DATASET EXTRACT:
▼▼▼

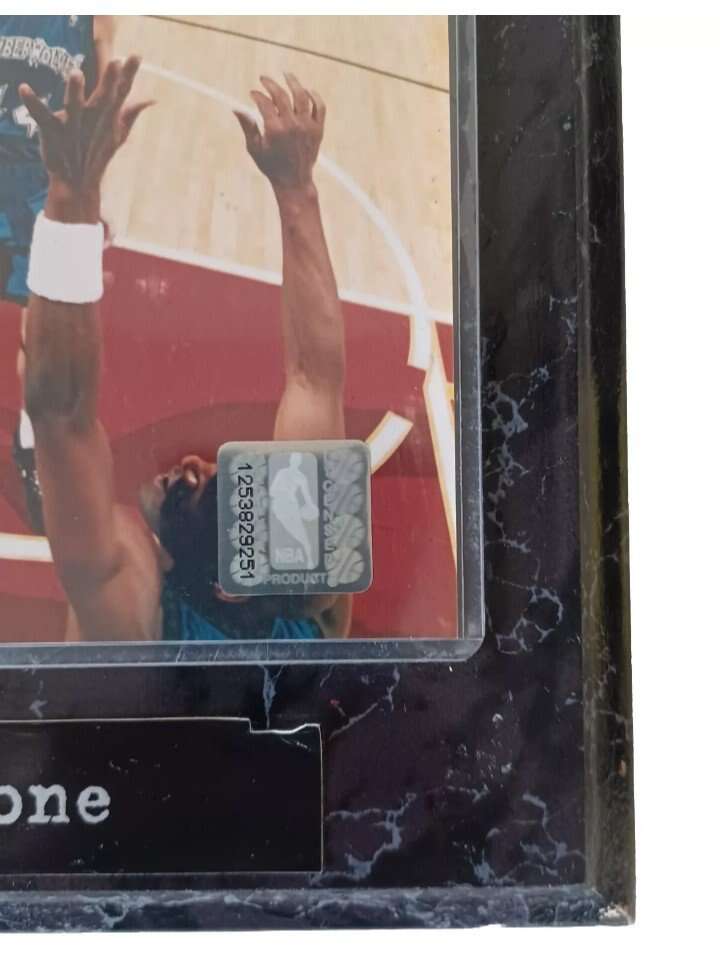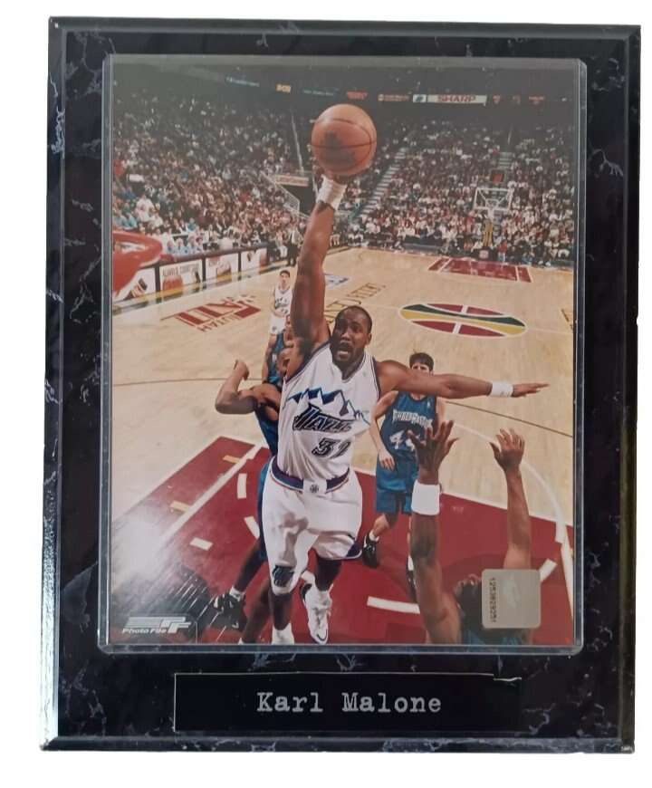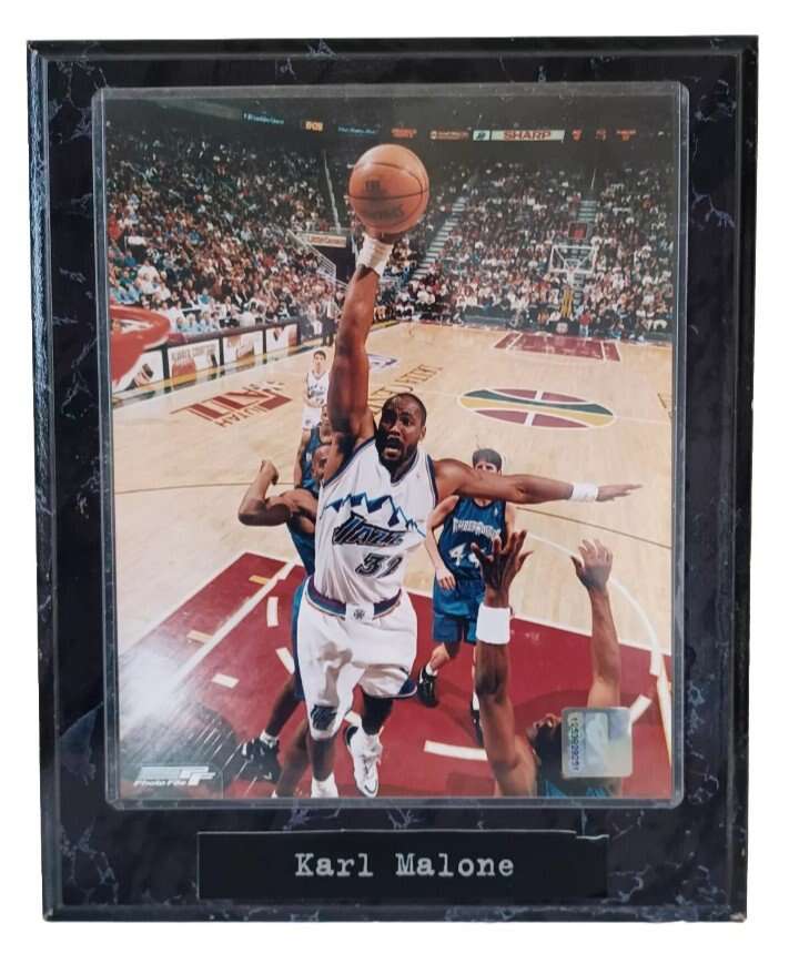 This is an authentic poster featuring two of the greatest basketball players of all time, Karl Malone and John Stockton. The poster measures 13 x 11 inches and showcases the players in action during a regular season NBA game. The black and white color scheme adds a classic touch to the overall design.
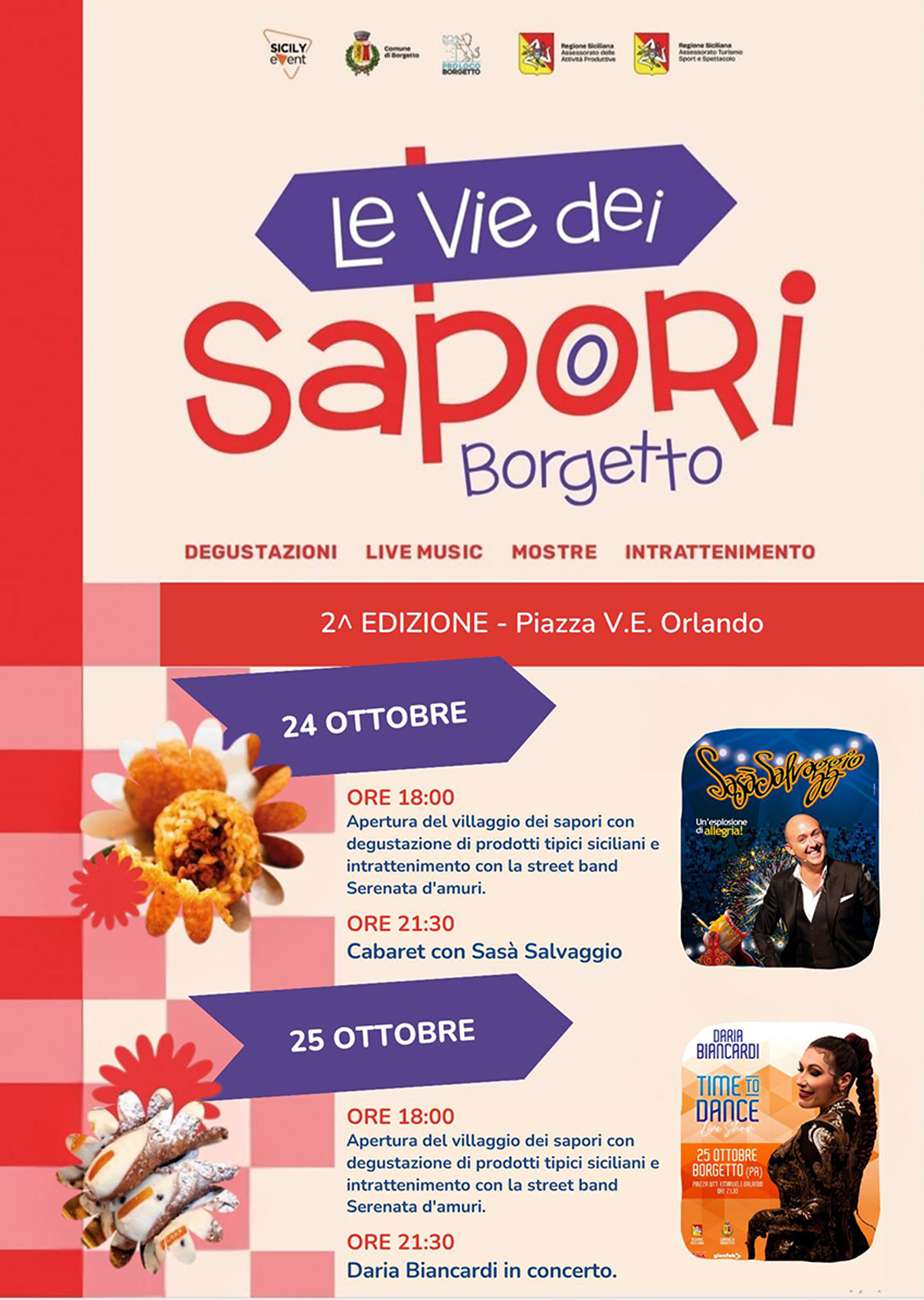 L’obiettivo de Le Vie dei Sapori è quello di valorizzare le eccellenze locali, promuovendo i sapori autentici della Sicilia e le tradizioni che da sempre la contraddistinguono. Tra piatti tipici, dolci della tradizione, vini e spettacoli dal vivo, Borgetto si prepara a vivere due serate speciali, dove ogni via, ogni stand e ogni nota musicale racconteranno l’anima più genuina dell’isola.
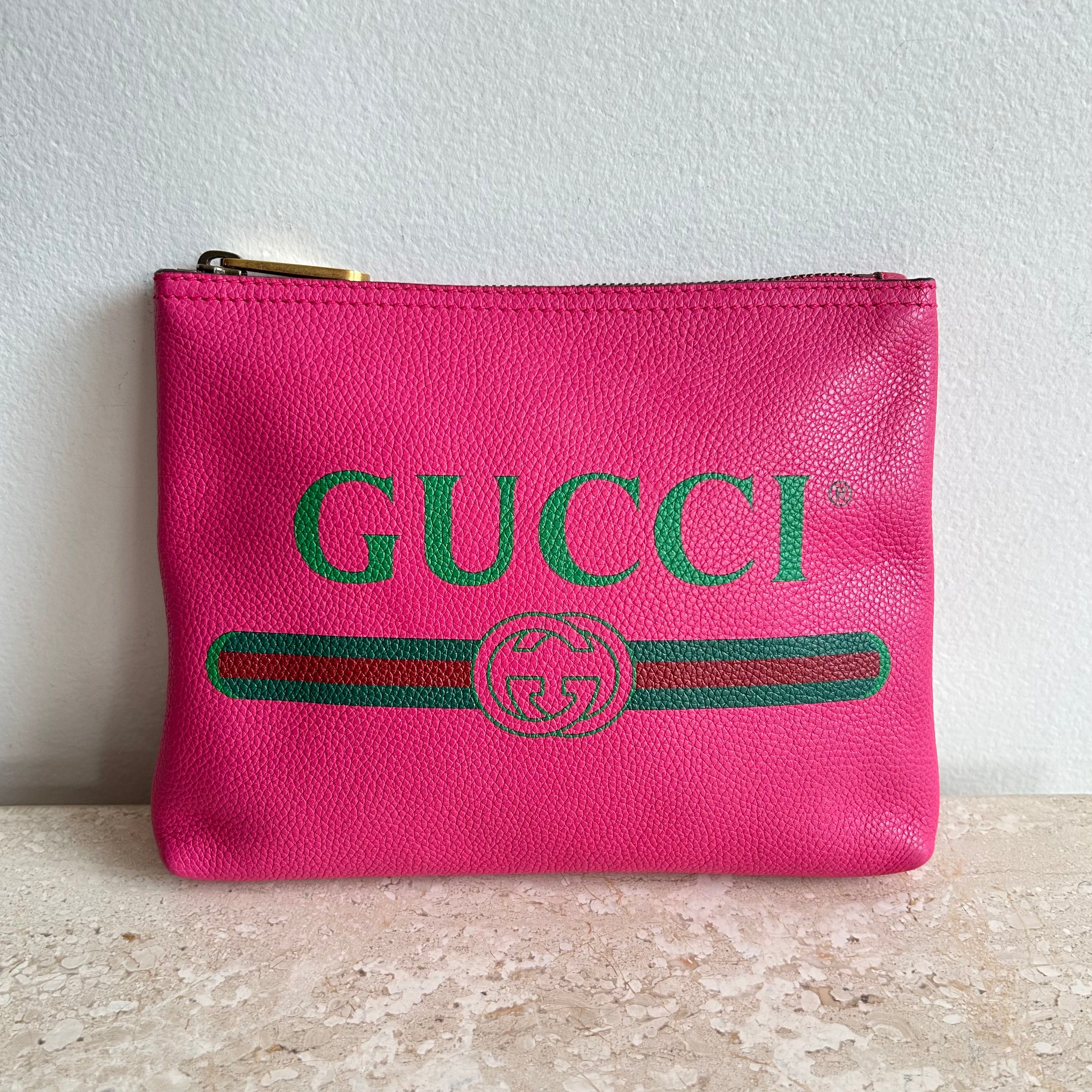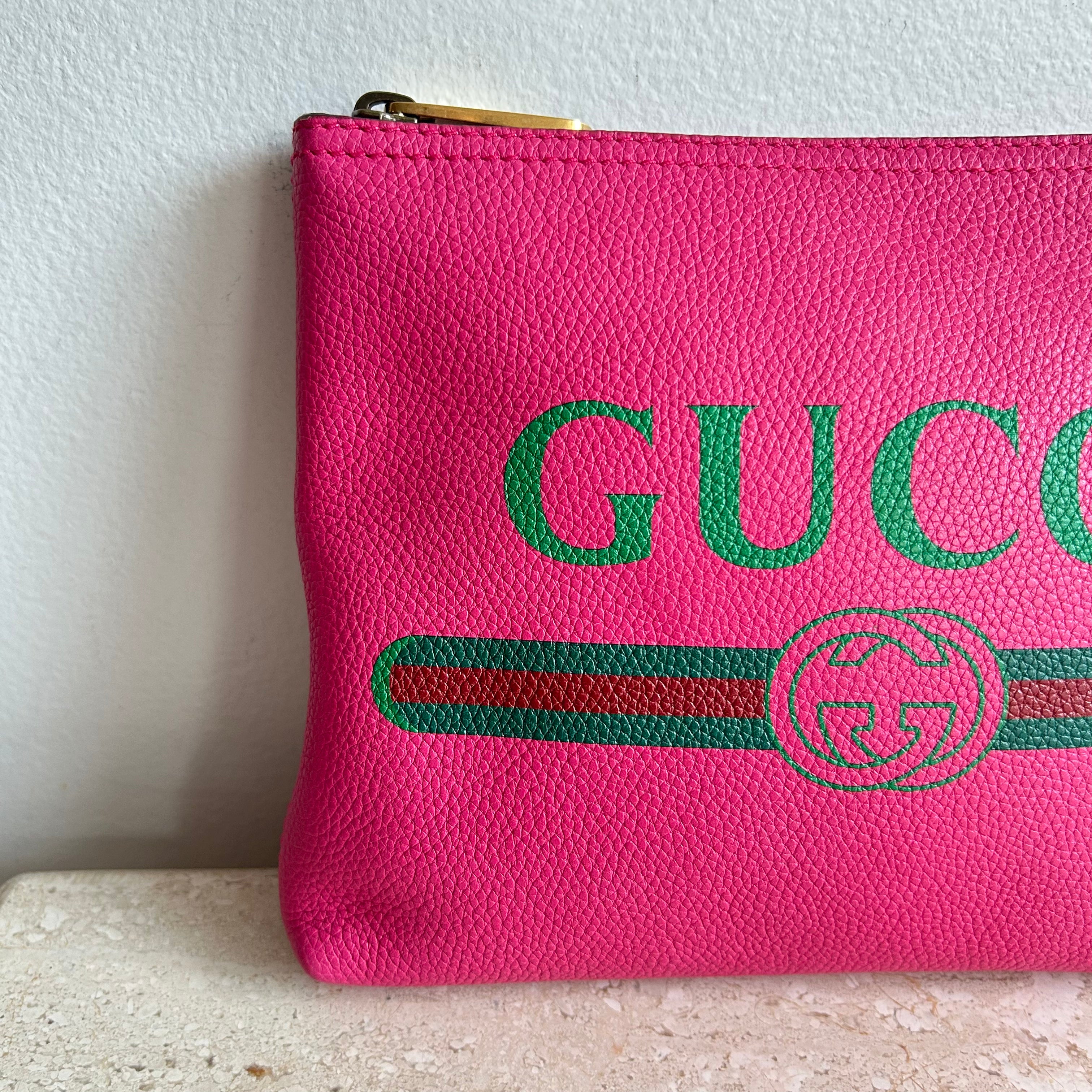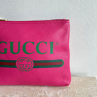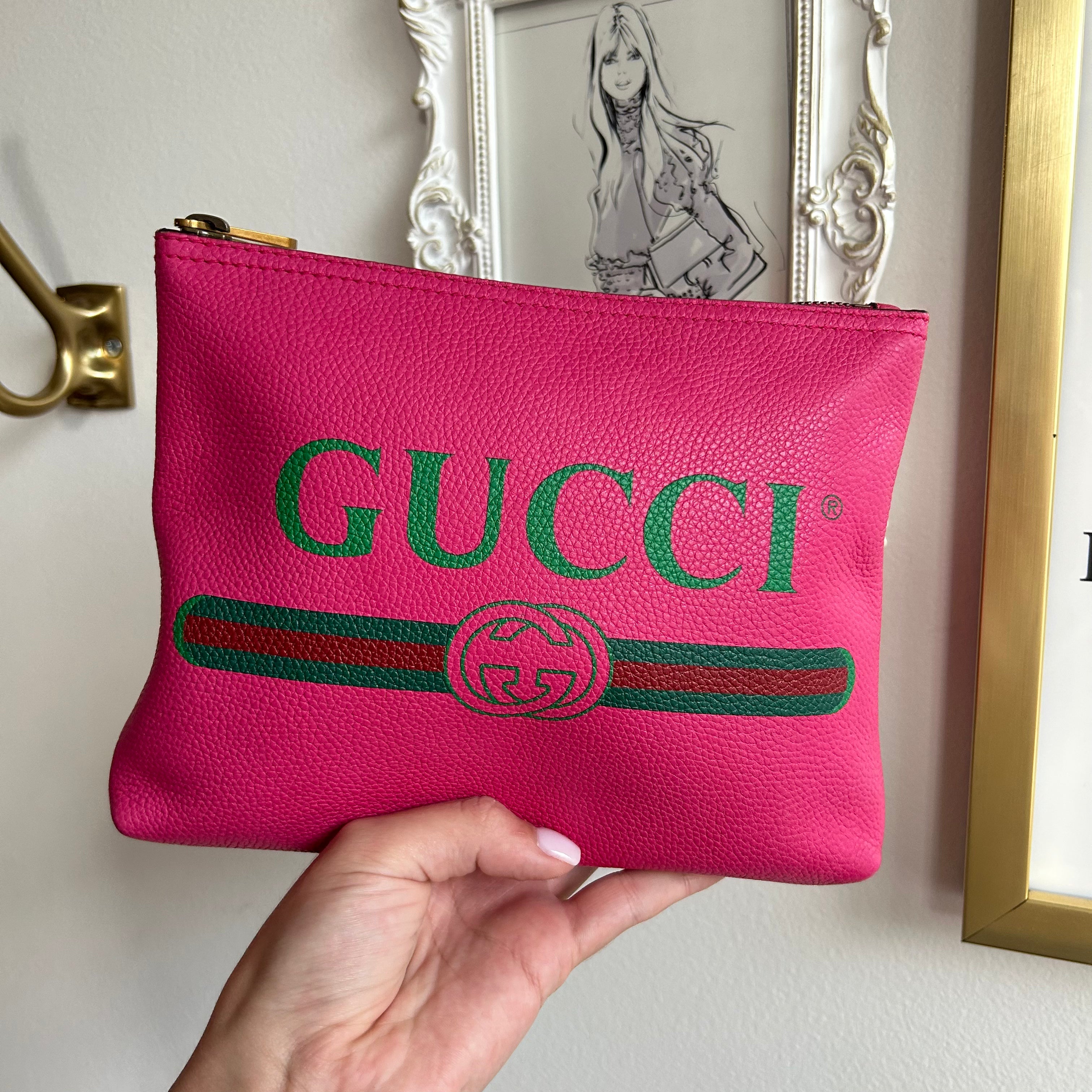 Pre-Owned Gucci Pink Logo Web Clutch/Pouch. Crafted in pink pebbled calfskin leather featuring the iconic web and house signature along the front in green. Top zipper opens to a matching suede interior. The perfect grab and go clutch in the most fun colour!

▲▲▲

EXERCISE AIM:
Repeat the listing word for word, omitting the pictures.

EXERCISE OUTPUT:
 This is an authentic poster featuring two of the greatest basketball players of all time, Karl Malone and John Stockton. The poster measures 13 x 11 inches and showcases the players in action during a regular season NBA game. The black and white color scheme adds a classic touch to the overall design.
 L’obiettivo de Le Vie dei Sapori è quello di valorizzare le eccellenze locali, promuovendo i sapori autentici della Sicilia e le tradizioni che da sempre la contraddistinguono. Tra piatti tipici, dolci della tradizione, vini e spettacoli dal vivo, Borgetto si prepara a vivere due serate speciali, dove ogni via, ogni stand e ogni nota musicale racconteranno l’anima più genuina dell’isola.
 Pre-Owned Gucci Pink Logo Web Clutch/Pouch. Crafted in pink pebbled calfskin leather featuring the iconic web and house signature along the front in green. Top zipper opens to a matching suede interior. The perfect grab and go clutch in the most fun colour!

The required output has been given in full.